WORK INSTRUCTIONS = Leave every image out, and return the rest of the data word for word.

SUPPLIED ENTRIES =
• • • • •
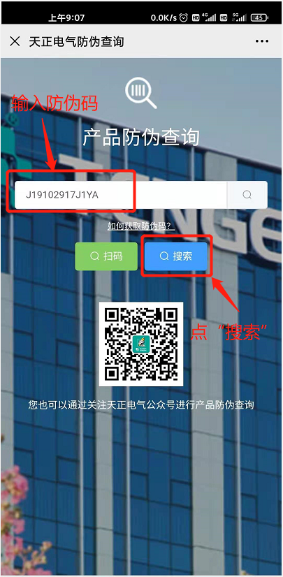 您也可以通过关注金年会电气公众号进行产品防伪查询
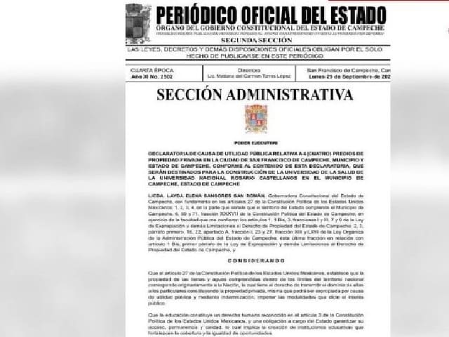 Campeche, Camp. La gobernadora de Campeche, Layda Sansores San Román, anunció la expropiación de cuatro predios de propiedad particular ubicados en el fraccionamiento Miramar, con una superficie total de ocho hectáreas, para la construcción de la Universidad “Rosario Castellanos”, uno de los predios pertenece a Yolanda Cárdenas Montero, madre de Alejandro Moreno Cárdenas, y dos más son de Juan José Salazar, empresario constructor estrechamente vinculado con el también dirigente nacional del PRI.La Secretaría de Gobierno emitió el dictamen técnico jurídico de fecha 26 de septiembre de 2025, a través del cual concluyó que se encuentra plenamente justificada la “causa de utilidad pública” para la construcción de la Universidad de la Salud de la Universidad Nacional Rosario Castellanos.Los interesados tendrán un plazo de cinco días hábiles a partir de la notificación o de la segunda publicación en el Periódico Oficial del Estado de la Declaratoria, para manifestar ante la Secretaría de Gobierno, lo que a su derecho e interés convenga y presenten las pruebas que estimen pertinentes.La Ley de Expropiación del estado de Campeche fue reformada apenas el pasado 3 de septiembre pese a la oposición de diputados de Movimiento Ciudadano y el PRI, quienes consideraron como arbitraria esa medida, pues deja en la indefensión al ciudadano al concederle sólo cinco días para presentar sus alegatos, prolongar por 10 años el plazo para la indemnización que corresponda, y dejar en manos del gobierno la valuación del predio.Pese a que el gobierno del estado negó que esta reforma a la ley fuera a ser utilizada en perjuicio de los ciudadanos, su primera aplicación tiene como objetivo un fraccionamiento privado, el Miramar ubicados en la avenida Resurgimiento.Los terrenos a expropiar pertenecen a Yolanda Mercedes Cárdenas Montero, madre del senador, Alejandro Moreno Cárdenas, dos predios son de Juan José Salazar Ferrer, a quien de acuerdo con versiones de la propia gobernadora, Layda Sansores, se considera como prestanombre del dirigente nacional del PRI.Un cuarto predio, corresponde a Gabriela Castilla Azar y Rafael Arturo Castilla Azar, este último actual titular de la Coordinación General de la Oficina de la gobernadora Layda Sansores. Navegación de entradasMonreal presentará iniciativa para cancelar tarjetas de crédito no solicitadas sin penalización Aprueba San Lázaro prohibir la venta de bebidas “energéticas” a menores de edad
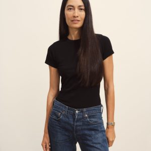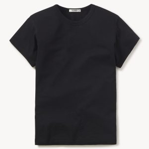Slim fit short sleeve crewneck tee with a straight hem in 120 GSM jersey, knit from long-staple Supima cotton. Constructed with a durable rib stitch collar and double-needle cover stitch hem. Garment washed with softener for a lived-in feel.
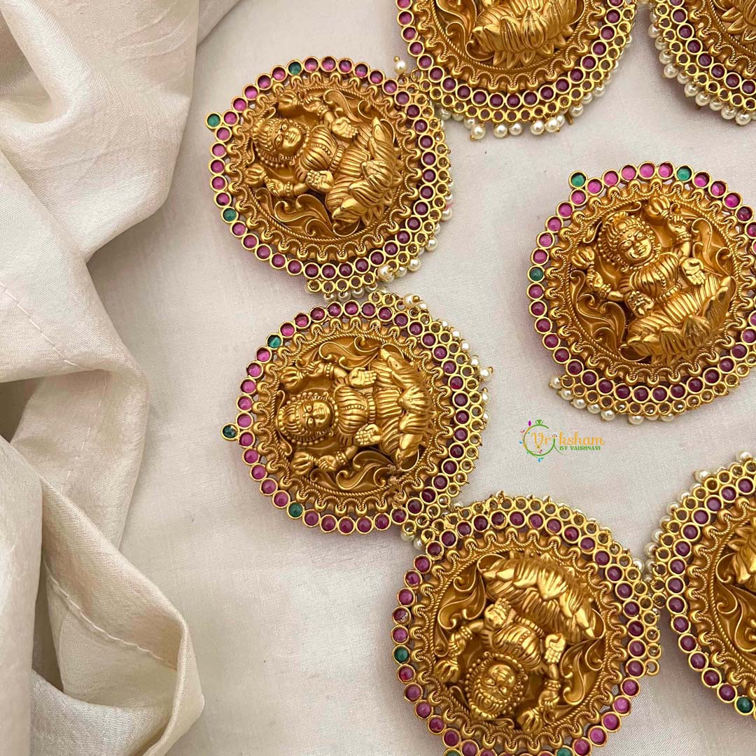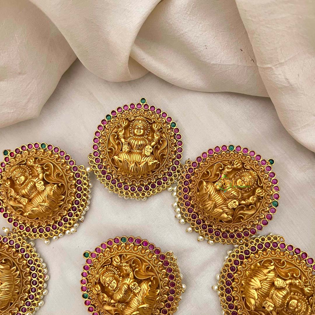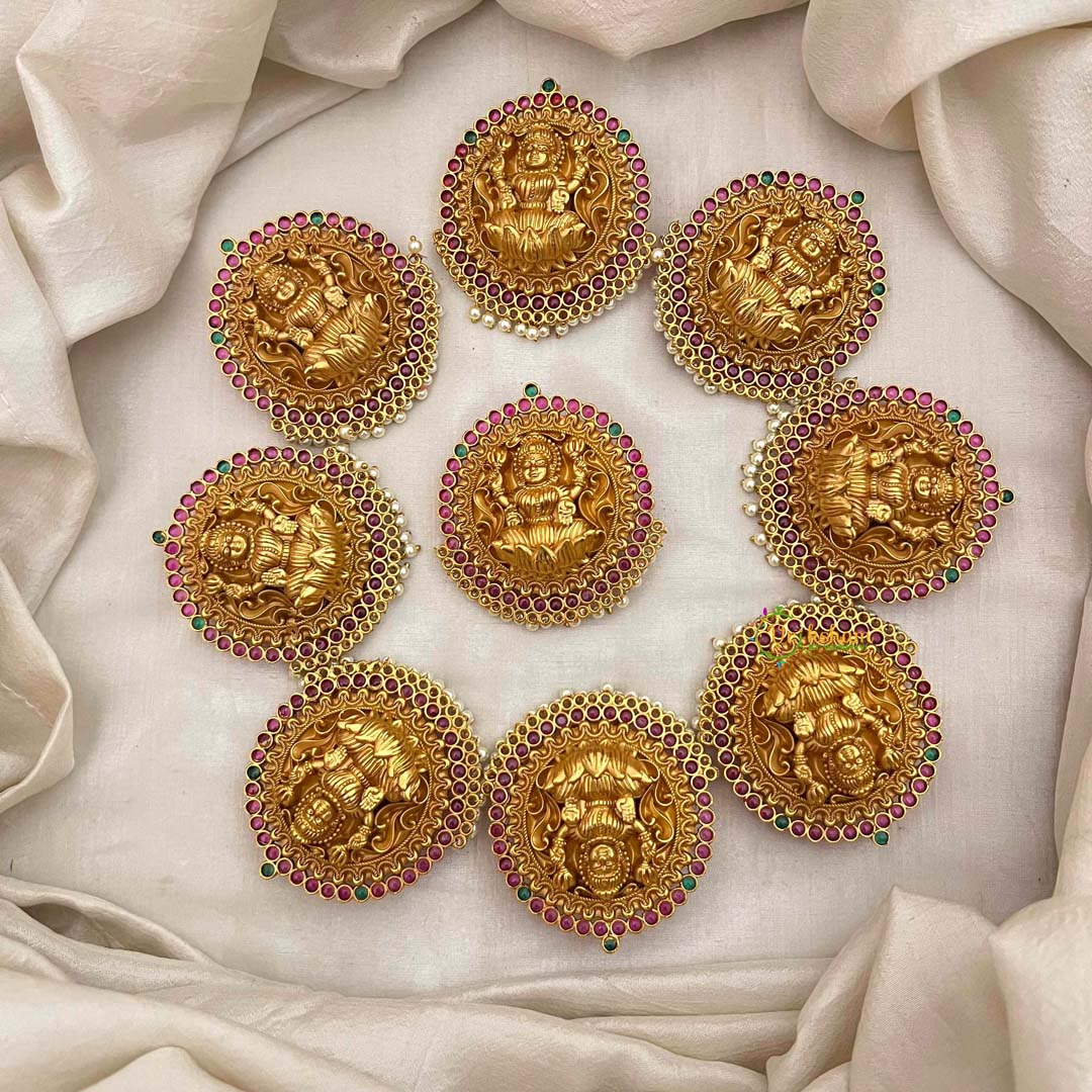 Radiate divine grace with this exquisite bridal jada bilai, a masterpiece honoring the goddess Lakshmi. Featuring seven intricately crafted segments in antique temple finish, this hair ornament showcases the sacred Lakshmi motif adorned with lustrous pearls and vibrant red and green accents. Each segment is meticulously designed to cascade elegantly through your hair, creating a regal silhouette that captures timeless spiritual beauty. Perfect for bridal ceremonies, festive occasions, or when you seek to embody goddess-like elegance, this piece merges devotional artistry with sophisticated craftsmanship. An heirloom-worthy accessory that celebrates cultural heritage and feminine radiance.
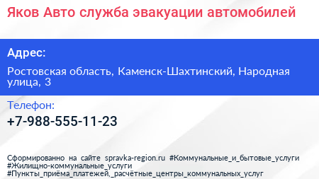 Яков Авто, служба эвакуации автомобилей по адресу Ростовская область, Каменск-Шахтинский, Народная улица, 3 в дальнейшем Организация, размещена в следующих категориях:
• • • • •
ANSWER TO THE PROBLEM =
 您也可以通过关注金年会电气公众号进行产品防伪查询
 Campeche, Camp. La gobernadora de Campeche, Layda Sansores San Román, anunció la expropiación de cuatro predios de propiedad particular ubicados en el fraccionamiento Miramar, con una superficie total de ocho hectáreas, para la construcción de la Universidad “Rosario Castellanos”, uno de los predios pertenece a Yolanda Cárdenas Montero, madre de Alejandro Moreno Cárdenas, y dos más son de Juan José Salazar, empresario constructor estrechamente vinculado con el también dirigente nacional del PRI.La Secretaría de Gobierno emitió el dictamen técnico jurídico de fecha 26 de septiembre de 2025, a través del cual concluyó que se encuentra plenamente justificada la “causa de utilidad pública” para la construcción de la Universidad de la Salud de la Universidad Nacional Rosario Castellanos.Los interesados tendrán un plazo de cinco días hábiles a partir de la notificación o de la segunda publicación en el Periódico Oficial del Estado de la Declaratoria, para manifestar ante la Secretaría de Gobierno, lo que a su derecho e interés convenga y presenten las pruebas que estimen pertinentes.La Ley de Expropiación del estado de Campeche fue reformada apenas el pasado 3 de septiembre pese a la oposición de diputados de Movimiento Ciudadano y el PRI, quienes consideraron como arbitraria esa medida, pues deja en la indefensión al ciudadano al concederle sólo cinco días para presentar sus alegatos, prolongar por 10 años el plazo para la indemnización que corresponda, y dejar en manos del gobierno la valuación del predio.Pese a que el gobierno del estado negó que esta reforma a la ley fuera a ser utilizada en perjuicio de los ciudadanos, su primera aplicación tiene como objetivo un fraccionamiento privado, el Miramar ubicados en la avenida Resurgimiento.Los terrenos a expropiar pertenecen a Yolanda Mercedes Cárdenas Montero, madre del senador, Alejandro Moreno Cárdenas, dos predios son de Juan José Salazar Ferrer, a quien de acuerdo con versiones de la propia gobernadora, Layda Sansores, se considera como prestanombre del dirigente nacional del PRI.Un cuarto predio, corresponde a Gabriela Castilla Azar y Rafael Arturo Castilla Azar, este último actual titular de la Coordinación General de la Oficina de la gobernadora Layda Sansores. Navegación de entradasMonreal presentará iniciativa para cancelar tarjetas de crédito no solicitadas sin penalización Aprueba San Lázaro prohibir la venta de bebidas “energéticas” a menores de edad
Slim fit short sleeve crewneck tee with a straight hem in 120 GSM jersey, knit from long-staple Supima cotton. Constructed with a durable rib stitch collar and double-needle cover stitch hem. Garment washed with softener for a lived-in feel.
 Radiate divine grace with this exquisite bridal jada bilai, a masterpiece honoring the goddess Lakshmi. Featuring seven intricately crafted segments in antique temple finish, this hair ornament showcases the sacred Lakshmi motif adorned with lustrous pearls and vibrant red and green accents. Each segment is meticulously designed to cascade elegantly through your hair, creating a regal silhouette that captures timeless spiritual beauty. Perfect for bridal ceremonies, festive occasions, or when you seek to embody goddess-like elegance, this piece merges devotional artistry with sophisticated craftsmanship. An heirloom-worthy accessory that celebrates cultural heritage and feminine radiance.
 Яков Авто, служба эвакуации автомобилей по адресу Ростовская область, Каменск-Шахтинский, Народная улица, 3 в дальнейшем Организация, размещена в следующих категориях:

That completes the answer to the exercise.